Task.init() takes by default output_uri from clearml.conf configuration file (S3 bucket in my case). But underlined task created with Dataset.create() ignores it and uploads files by default to https://files.community.clear.ml Is this intended behavior?

Posted 2 years ago
Votes Newest

Answers 5

SuccessfulKoala55 Without commented line files are uploaded to http://files.community.clear.ml instead of by S3 bucket

Posted 2 years ago

Hi SuccessfulKoala55 Here is code_snipet
` task = Task.init(project_name=PROJECT_NAME, task_name=section)
print('params', params)

dataset = Dataset.create(dataset_name=params['dataset'], dataset_project=PROJECT_NAME)
dataset_local_dir = dataset.get_local_copy()

dataset._task.output_uri = task.output_uri

KeywordProcessor(params['es_host'], params['es_port'], True, DOCS_ROOT)

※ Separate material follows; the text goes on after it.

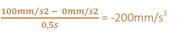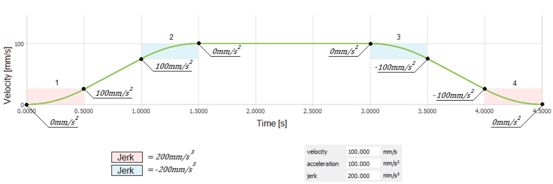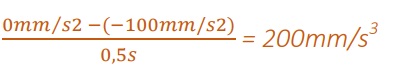 Wie bereits jetzt ersichtlich ist, erreicht die Achse an den rot markierten Stellen der Kurve einen Spurt von 200 mm/s3 und an jenen, die blau markiert sind, einen von -200mm/s3

dataset.add_files(DOCS_ROOT, wildcard='*.csv')
dataset.upload() `I add several files to a dataset and upload

Posted 2 years ago

Hi HelpfulHare30 , which files are you referring to?

Posted 2 years ago

Yeah, I see what you mean, probably because the output_uri initialization is handled by the Task.init() . Can you please open a GitHub issue?

Posted 2 years ago

SuccessfulKoala55 Sure. At https://github.com/allegroai/clearml/issues ?

Posted 2 years ago